┏━━
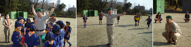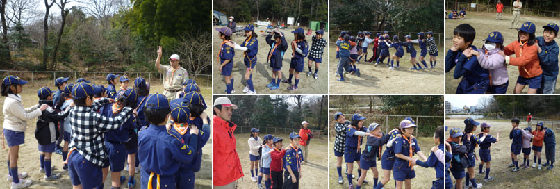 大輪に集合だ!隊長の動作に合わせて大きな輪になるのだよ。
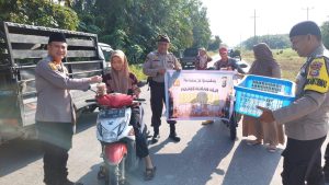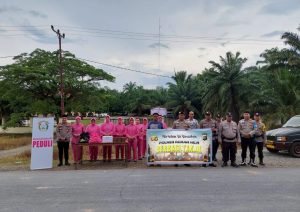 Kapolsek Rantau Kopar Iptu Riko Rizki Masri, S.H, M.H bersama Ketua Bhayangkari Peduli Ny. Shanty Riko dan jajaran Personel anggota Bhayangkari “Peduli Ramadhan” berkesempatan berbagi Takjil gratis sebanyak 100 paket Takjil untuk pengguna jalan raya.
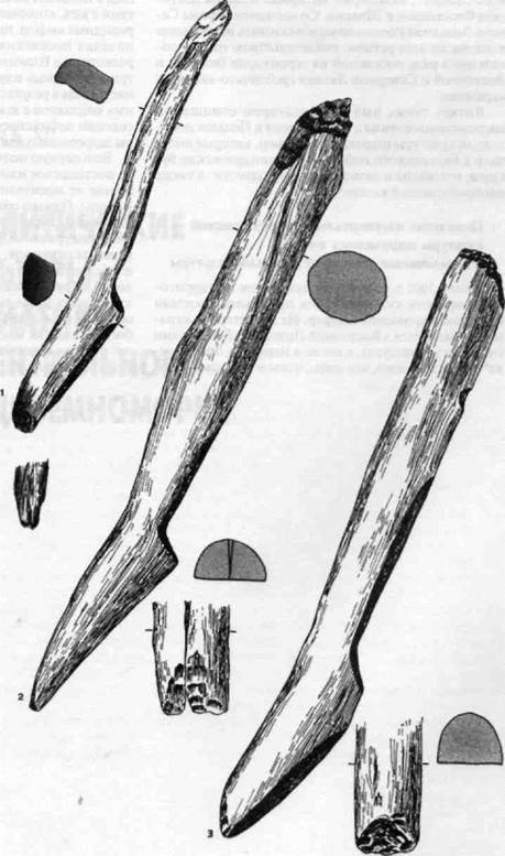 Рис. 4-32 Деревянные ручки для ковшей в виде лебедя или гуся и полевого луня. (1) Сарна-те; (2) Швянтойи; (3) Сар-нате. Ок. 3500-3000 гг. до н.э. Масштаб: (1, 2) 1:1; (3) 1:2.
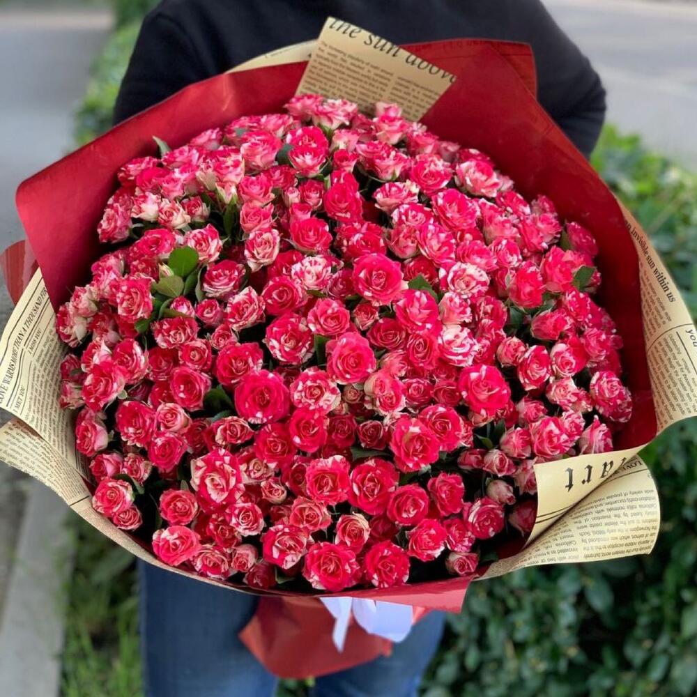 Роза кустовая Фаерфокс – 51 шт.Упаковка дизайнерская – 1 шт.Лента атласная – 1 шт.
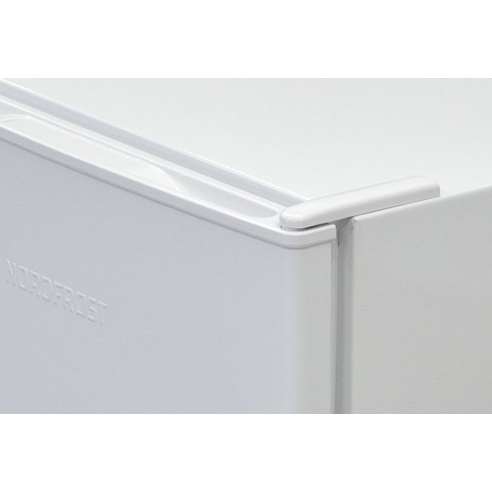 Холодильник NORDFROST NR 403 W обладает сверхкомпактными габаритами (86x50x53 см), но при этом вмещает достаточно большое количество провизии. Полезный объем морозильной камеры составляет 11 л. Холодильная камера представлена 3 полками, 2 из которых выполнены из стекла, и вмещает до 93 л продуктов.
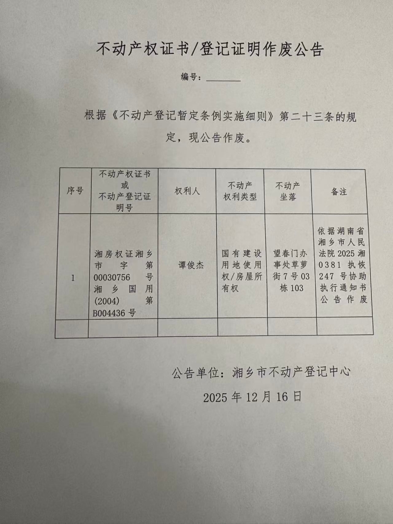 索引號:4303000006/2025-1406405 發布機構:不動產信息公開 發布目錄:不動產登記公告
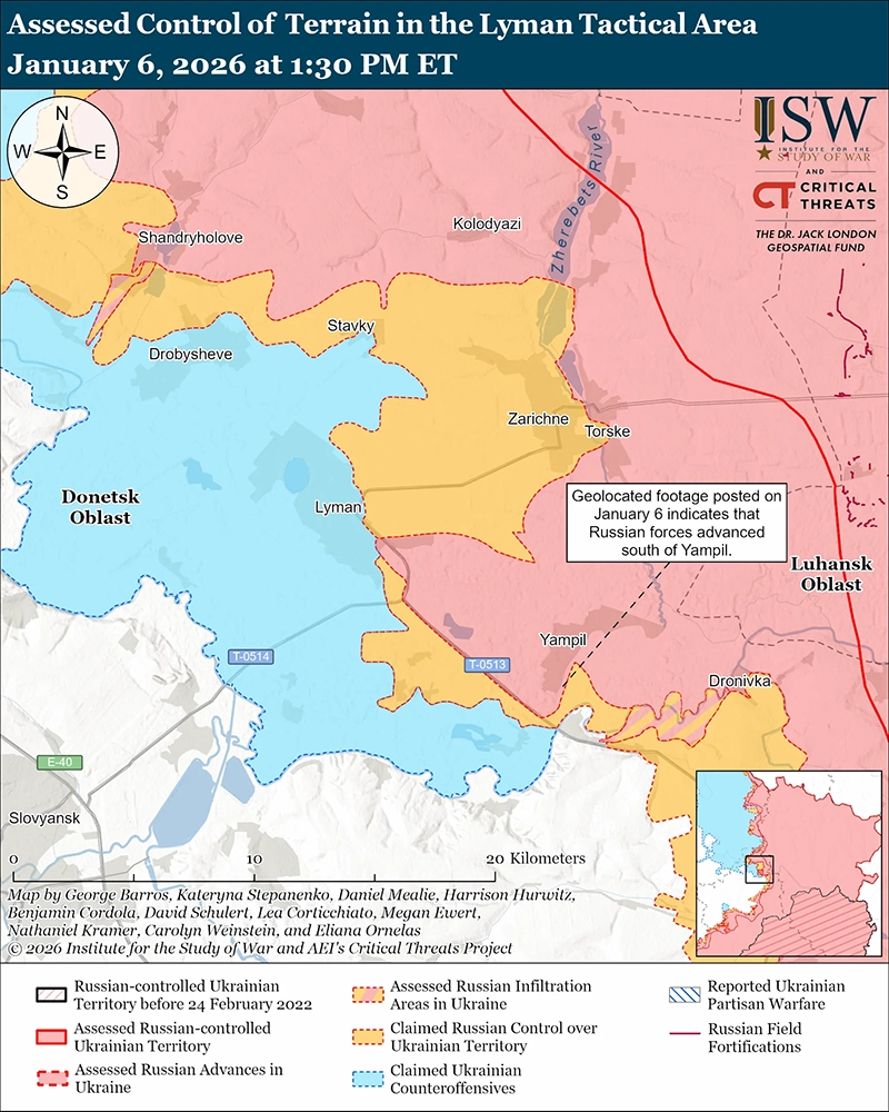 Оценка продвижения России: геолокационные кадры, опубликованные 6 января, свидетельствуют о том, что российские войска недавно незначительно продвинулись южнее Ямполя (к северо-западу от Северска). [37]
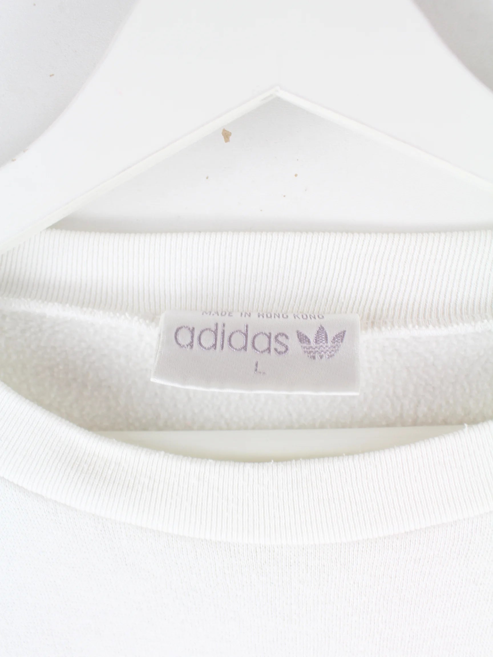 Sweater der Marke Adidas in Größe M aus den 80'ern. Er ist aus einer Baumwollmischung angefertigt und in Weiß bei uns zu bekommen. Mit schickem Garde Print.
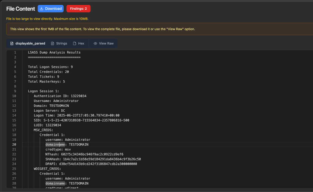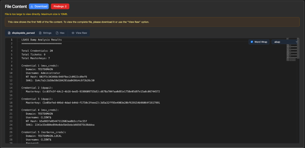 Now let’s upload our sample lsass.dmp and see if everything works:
┗━━
* [Work item]: Retype the data above exactly, dropping every picture.

* [Response to this exercise]:
 大輪に集合だ!隊長の動作に合わせて大きな輪になるのだよ。
 Kapolsek Rantau Kopar Iptu Riko Rizki Masri, S.H, M.H bersama Ketua Bhayangkari Peduli Ny. Shanty Riko dan jajaran Personel anggota Bhayangkari “Peduli Ramadhan” berkesempatan berbagi Takjil gratis sebanyak 100 paket Takjil untuk pengguna jalan raya.
 Рис. 4-32 Деревянные ручки для ковшей в виде лебедя или гуся и полевого луня. (1) Сарна-те; (2) Швянтойи; (3) Сар-нате. Ок. 3500-3000 гг. до н.э. Масштаб: (1, 2) 1:1; (3) 1:2.
 Роза кустовая Фаерфокс – 51 шт.Упаковка дизайнерская – 1 шт.Лента атласная – 1 шт.
 Холодильник NORDFROST NR 403 W обладает сверхкомпактными габаритами (86x50x53 см), но при этом вмещает достаточно большое количество провизии. Полезный объем морозильной камеры составляет 11 л. Холодильная камера представлена 3 полками, 2 из которых выполнены из стекла, и вмещает до 93 л продуктов.
 索引號:4303000006/2025-1406405 發布機構:不動產信息公開 發布目錄:不動產登記公告
 Оценка продвижения России: геолокационные кадры, опубликованные 6 января, свидетельствуют о том, что российские войска недавно незначительно продвинулись южнее Ямполя (к северо-западу от Северска). [37]
 Sweater der Marke Adidas in Größe M aus den 80'ern. Er ist aus einer Baumwollmischung angefertigt und in Weiß bei uns zu bekommen. Mit schickem Garde Print.
 Now let’s upload our sample lsass.dmp and see if everything works:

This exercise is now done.